(Entries supplied Opens)

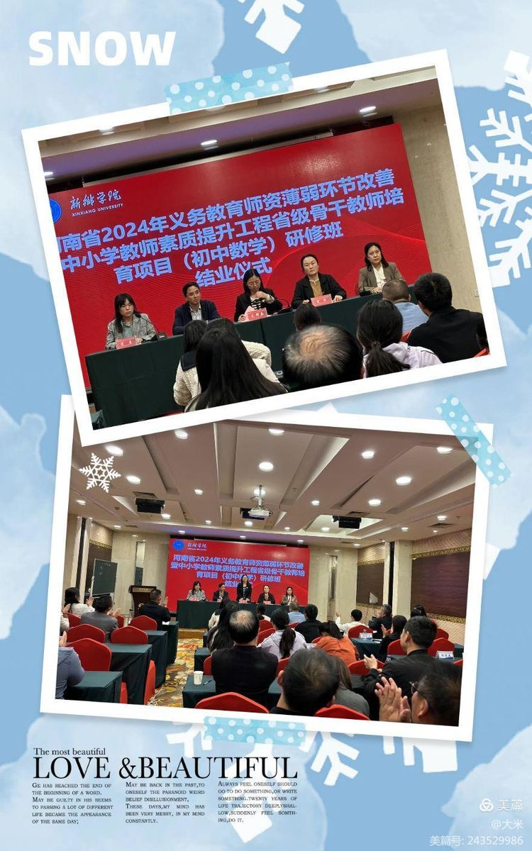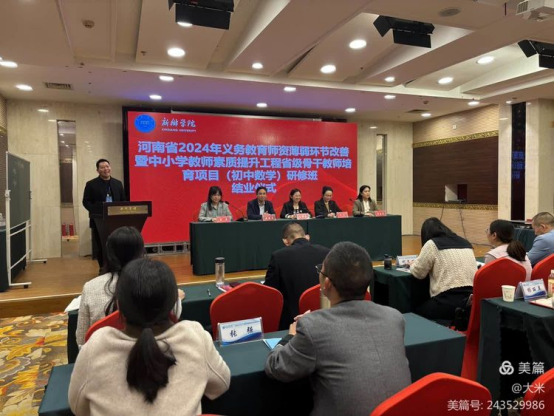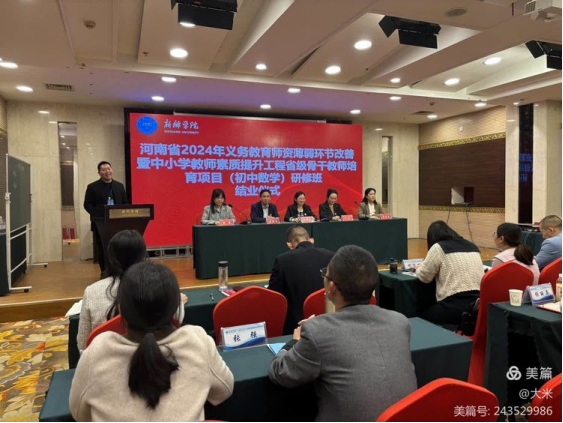 新乡学院数学与统计学院党委书记毛群英、新乡学院中小学教师校长研修院副院长宋华、河南省教师教育培训专家魏银光教授、新乡学院数学与统计学院教师郭建霞、省级骨干教师初中数学研修班项目组成员、省级骨干教师初中数学研修班全体参训学员参加了结业仪式。新乡学院的几位领导的到来引起了会场雷鸣般的掌声。毛书记高度肯定了老师们的教学水平,更期望在未来的教学工作中,老师们能够将所学知识运用到实际教学中,不断创新教学方法,提高教学质量,为学生的成长和发展贡献自己的力量。
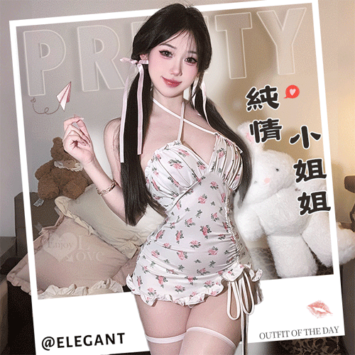 首頁 > 女性情趣內衣/褲 > 性感睡衣 > 情趣睡衣!少女風交叉綁脖荷葉邊側抽繩玫瑰連身裙含襪三件組
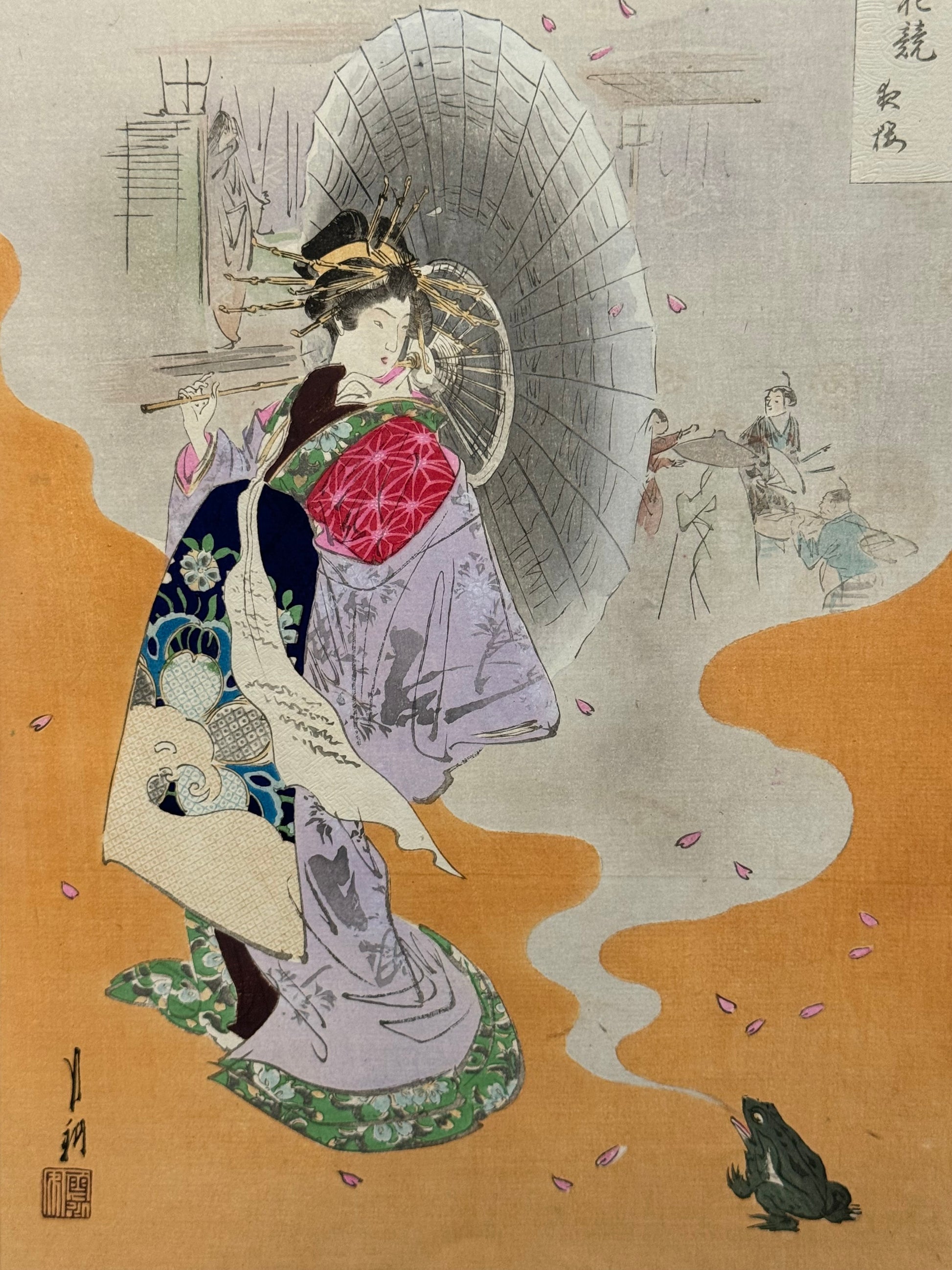 Gekko’s name “moonlight” reflects the ethereal and dreamlike format of his compositions. Growing up during the Meiji period he witnessed the rapid industrialisation and changes of Japan from its Samurai traditions, and he sought to reflect traditional Japanese life. His artistic style was influenced by Western composition theory and the technological advances in ink and printing techniques.
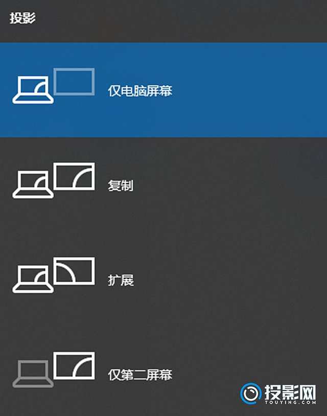 2.打开华硕电脑,按下Windows+P键打开投影设置,选择复制模式;
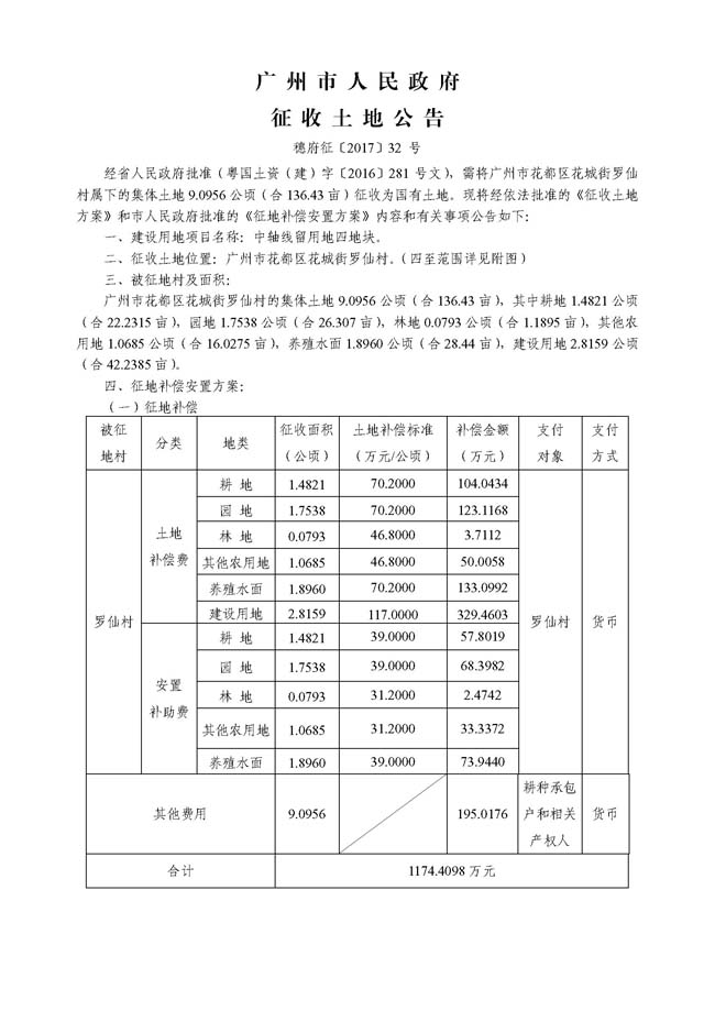 广州市人民政府征收土地公告——穗府征〔2017〕32号
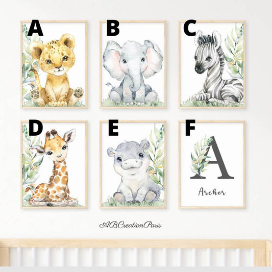 Décoration Chambre Bébé Et Enfant thème Safari - Affiches Avec Prénom Personnalisé, Animaux et Feuillage - Ideal pour Chambre mixte
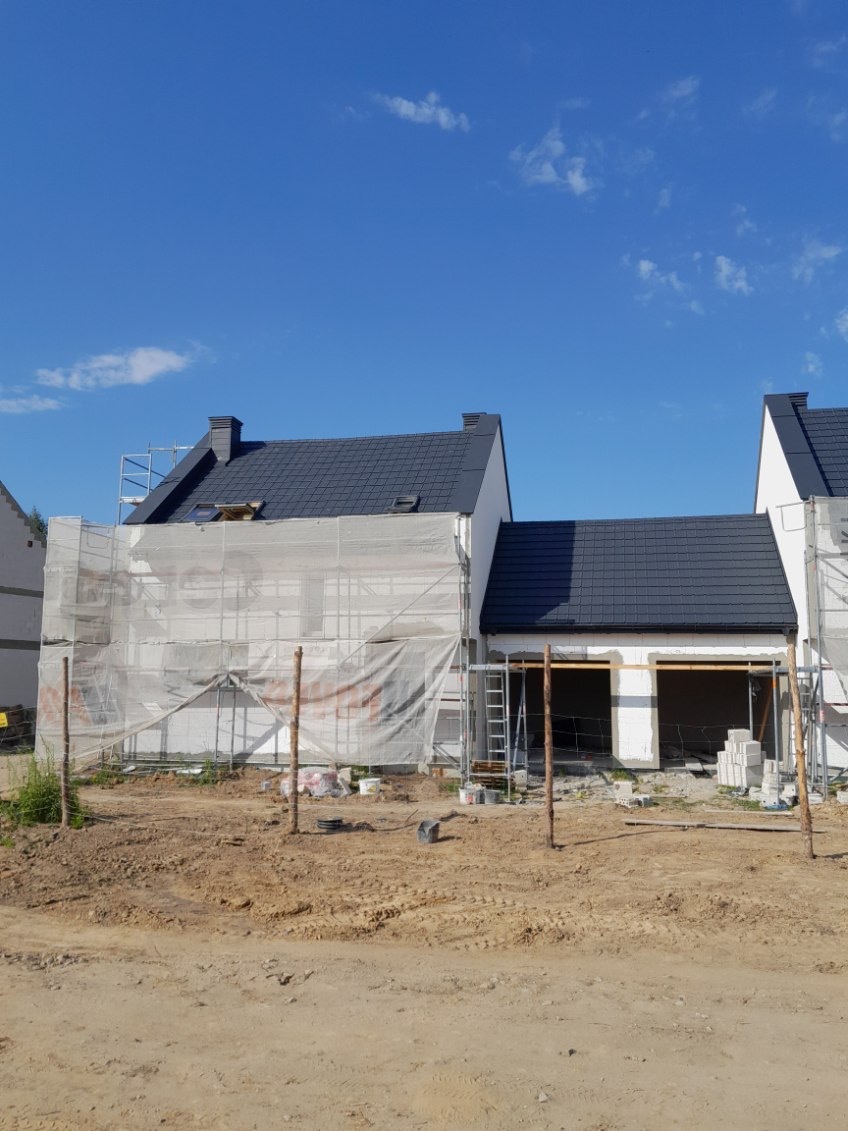 W najbliższych dniach na budowie pojawi się już ekipa od elewacji, która wykona kompletną pracę na ścianach przy garażach, zanim położymy pokrycie dachowe.
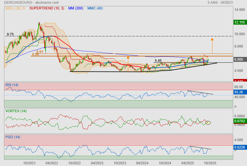 Toutefois, cette progression rapide place l'action dans une zone de surachat marquée. L'indice de force relative, ou RSI, atteint 86, un niveau largement supérieur au seuil de 70 généralement considéré comme révélateur d'une surchauffe technique. Ce positionnement suggère que le titre pourrait connaître une phase de consolidation à court terme, d'autant que les indicateurs stochastiques émettent déjà un signal de vente. Le cours évolue par ailleurs au-dessus de la borne supérieure de ses bandes de Bollinger fixée à 5,88 euros, ce qui renforce l'idée d'une extension temporaire du mouvement haussier. Avec un bêta de 0,12, Derichebourg affiche une sensibilité très faible aux variations du CAC 40, qui progresse de 0,28 % ce matin, témoignant d'une évolution largement décorrélée de l'indice parisien.
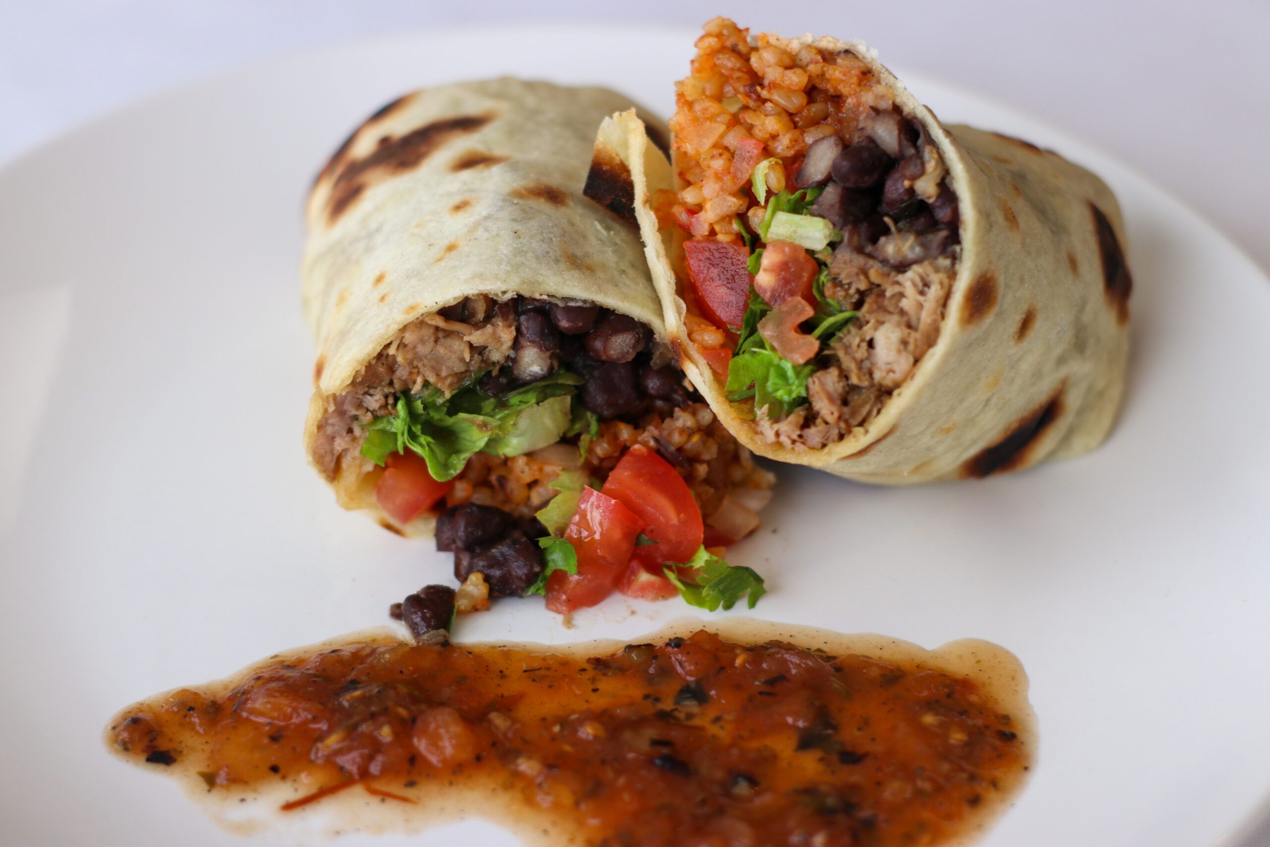 5. Assemble Burrito: Here is the moment you have been waiting for! Heat your tortillas and place a portion of rice, beans, meat, chopped lettuce and pico de gallo on top of each. Roll the burrito together while folding in the sides to seal it together. Serve with your favorite salsa and enjoy!
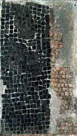 Mosaico a tessellato nero con inserti lapidei da Trieste villa di Barcola, dall’atrio tuscanico G’

(Entries supplied Closes)

Exercise objective —
Reproduce the records above exactly, but only from the line with "Décoration Chambre Bébé" up to and including the line with "W najbliższych dniach". Leave the pictures out.

Answer to this exercise —
 Décoration Chambre Bébé Et Enfant thème Safari - Affiches Avec Prénom Personnalisé, Animaux et Feuillage - Ideal pour Chambre mixte
 W najbliższych dniach na budowie pojawi się już ekipa od elewacji, która wykona kompletną pracę na ścianach przy garażach, zanim położymy pokrycie dachowe.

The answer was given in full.